> **Given data**:
════════
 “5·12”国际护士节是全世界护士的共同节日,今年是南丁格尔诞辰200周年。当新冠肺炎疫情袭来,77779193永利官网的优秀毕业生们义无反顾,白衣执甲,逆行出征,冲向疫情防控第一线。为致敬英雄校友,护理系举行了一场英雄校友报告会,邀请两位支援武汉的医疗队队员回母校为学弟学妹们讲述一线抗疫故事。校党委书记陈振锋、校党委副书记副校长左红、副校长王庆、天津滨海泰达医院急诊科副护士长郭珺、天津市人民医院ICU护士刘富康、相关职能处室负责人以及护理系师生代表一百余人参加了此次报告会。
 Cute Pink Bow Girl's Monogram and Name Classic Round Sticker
════════
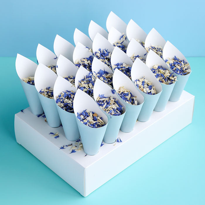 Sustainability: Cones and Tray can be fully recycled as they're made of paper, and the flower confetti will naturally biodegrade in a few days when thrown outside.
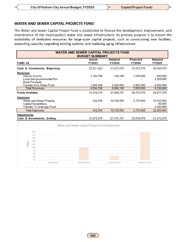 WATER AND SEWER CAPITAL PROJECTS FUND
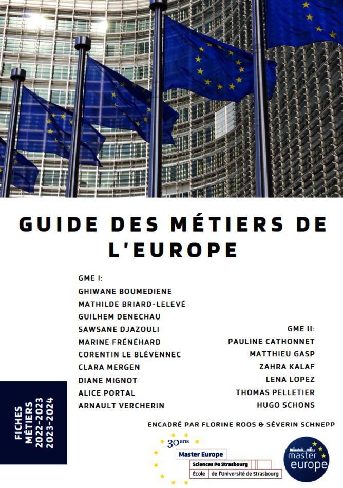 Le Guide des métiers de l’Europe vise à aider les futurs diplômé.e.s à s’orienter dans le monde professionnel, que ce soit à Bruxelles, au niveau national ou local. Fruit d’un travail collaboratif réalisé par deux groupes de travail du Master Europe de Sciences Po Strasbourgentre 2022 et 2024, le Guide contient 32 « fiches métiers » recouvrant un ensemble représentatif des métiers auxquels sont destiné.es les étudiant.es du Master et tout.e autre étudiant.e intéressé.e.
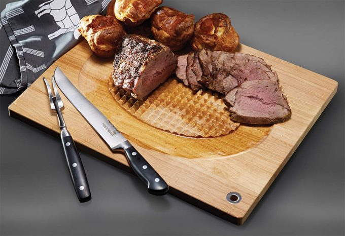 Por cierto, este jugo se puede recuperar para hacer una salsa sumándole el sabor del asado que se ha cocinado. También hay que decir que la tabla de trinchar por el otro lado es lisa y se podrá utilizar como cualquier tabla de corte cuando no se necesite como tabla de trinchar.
════════
Above are some entries. Restate word for word the lines from the one holding "WATER AND SEWER CAPITAL PROJECTS FUND" through the one holding "Por cierto, este", but not the pictures.

> **Answer for the task**:
 WATER AND SEWER CAPITAL PROJECTS FUND
 Le Guide des métiers de l’Europe vise à aider les futurs diplômé.e.s à s’orienter dans le monde professionnel, que ce soit à Bruxelles, au niveau national ou local. Fruit d’un travail collaboratif réalisé par deux groupes de travail du Master Europe de Sciences Po Strasbourgentre 2022 et 2024, le Guide contient 32 « fiches métiers » recouvrant un ensemble représentatif des métiers auxquels sont destiné.es les étudiant.es du Master et tout.e autre étudiant.e intéressé.e.
 Por cierto, este jugo se puede recuperar para hacer una salsa sumándole el sabor del asado que se ha cocinado. También hay que decir que la tabla de trinchar por el otro lado es lisa y se podrá utilizar como cualquier tabla de corte cuando no se necesite como tabla de trinchar.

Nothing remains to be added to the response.